In all, 1,138 fish were released – half in each river. This is not a reintroduction of the species but is instead an experimental release to see how Chinook salmon may again use the upper basin.

“It was exciting to see them swim out of the buckets. And we all got to cheer when Rachelle released the last fish” said the Klamath Tribe’s Case. “It felt like a big deal. There are so many uncertainties, but it would give us a lot more peace of mind to see the salmon ultimately survive in this environment.”

ODFW’s Mark Hereford, principal investigator on the project, is eager to see how the salmon respond.

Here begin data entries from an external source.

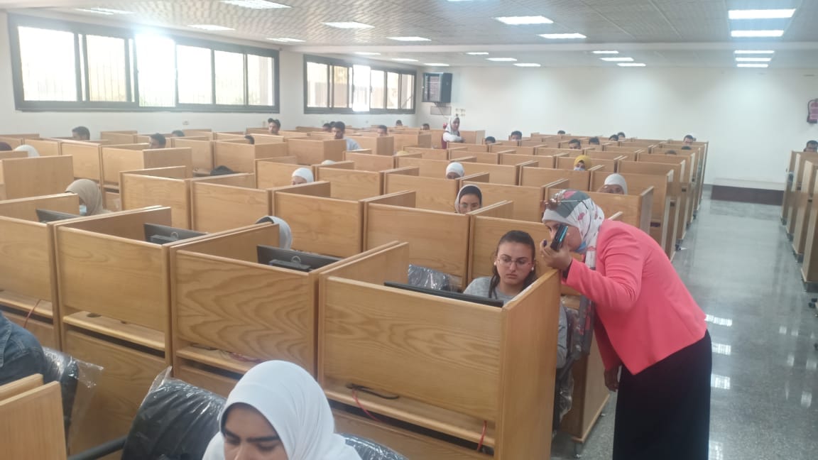 And Prof. Dr. Entisar Muhammad Younes, Vice Dean for Education and Student Affairs And the supervision of Dr. / Amal Sayed Mohamed, director of the electronic exams unit at the college And the follow-up of Prof. Dr. Magda Ahmed Mohamed, Head of the Department of Internal and Surgical Nursing And faculty members of the department The performance of the students of the first squad, the electronic exam for the basics of nursing at nine in the morning at the University's Electronic Test Center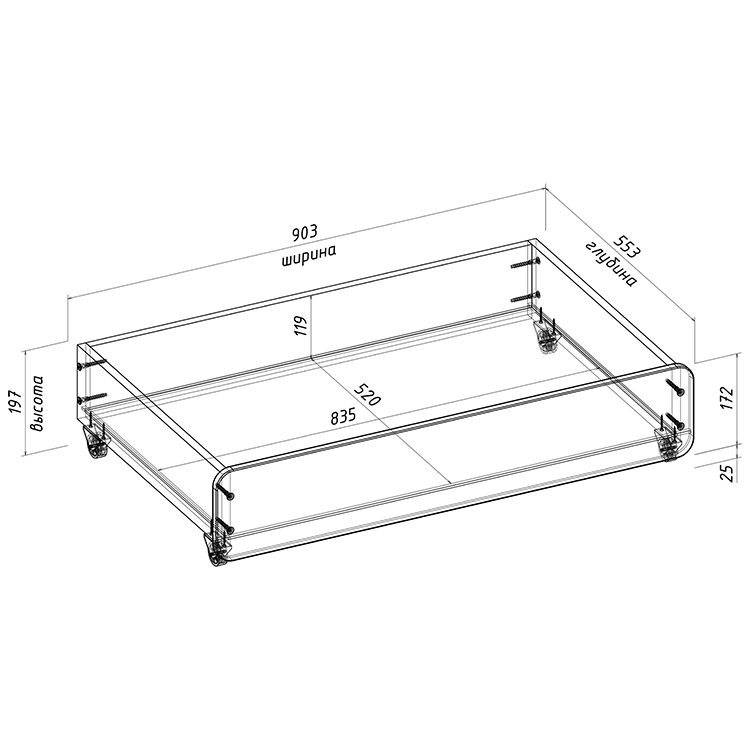 Длина/Ширина/Высота (мм) 903 × 553 × 197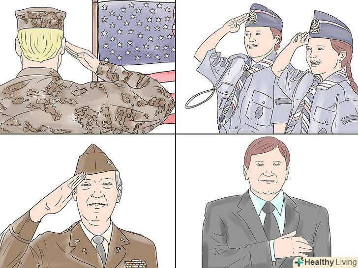 Зрозумійте етикет прапора . як потрібно вітати прапор і коли? Військові у формі, хлопчики і дівчатка скаути у формі, військові ветерани вітають прапор відданням військової честі, коли проходить парад, коли вимовляється клятва вірності, або коли грає національний гімн. Цивільні правою рукою знімають капелюхи і тримають їх над лівим плечем, або, якщо у них немає капелюхи, вони тримають праву руку над своїм серцем.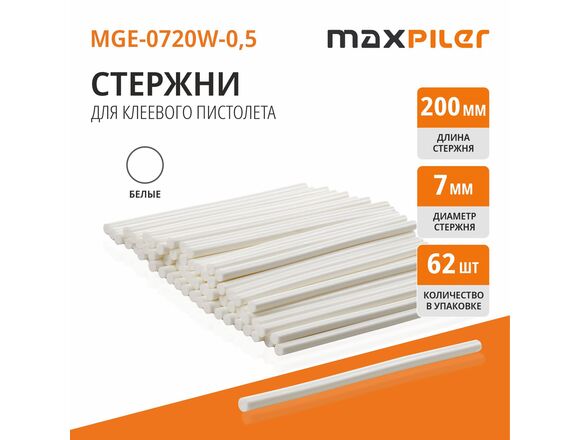 Стержни клеевые MAXPILER 7мм*200мм,уп. 500 г/ 62шт,белые (1/20)

“How will they migrate within and out of the system?” he asked. “Will they linger in the creeks or rivers, will they stay in the lake for an extended period, or will they move swiftly out of the basin as they try to make it to the ocean? They can show us how wild, juvenile salmon might migrate in and out of the system.”

Trout Unlimited played an important role in ensuring an accurate “before photo,” working with landowners, lining up staff and volunteers to help with tagging and release, and collaborating closely with representatives from multiple agencies and Tribes to ensure consistent data capture and protocol.

California Trout has also played a key role. While their focus has tended to be the Lower Klamath, all of which is in California, they helped design this current study to ensure a consistent monitoring approach from headwaters to the sea.

ODFW’s Hereford raved about the scale and quality of the collaboration on this project. He cited the Klamath Tribe, ODFW, CDFW, National Oceanic and Atmospheric Administration, National Marine Fisheries Service, US Fish & Wildlife Service, Bureau of Reclamation, Bureau of Land Management, US Geological Survey, UC Davis Center for Watershed Sciences, Cal State Humboldt, and others.

 

Faryn Case, biologist with the Klamath Tribe, about to place an acoustic tag in a juvenile Chinook salmon.
Two stitches seal the wound and enclose the acoustic tag.
When many agencies pitch in, masking tape is the reliable post-event sorting tool.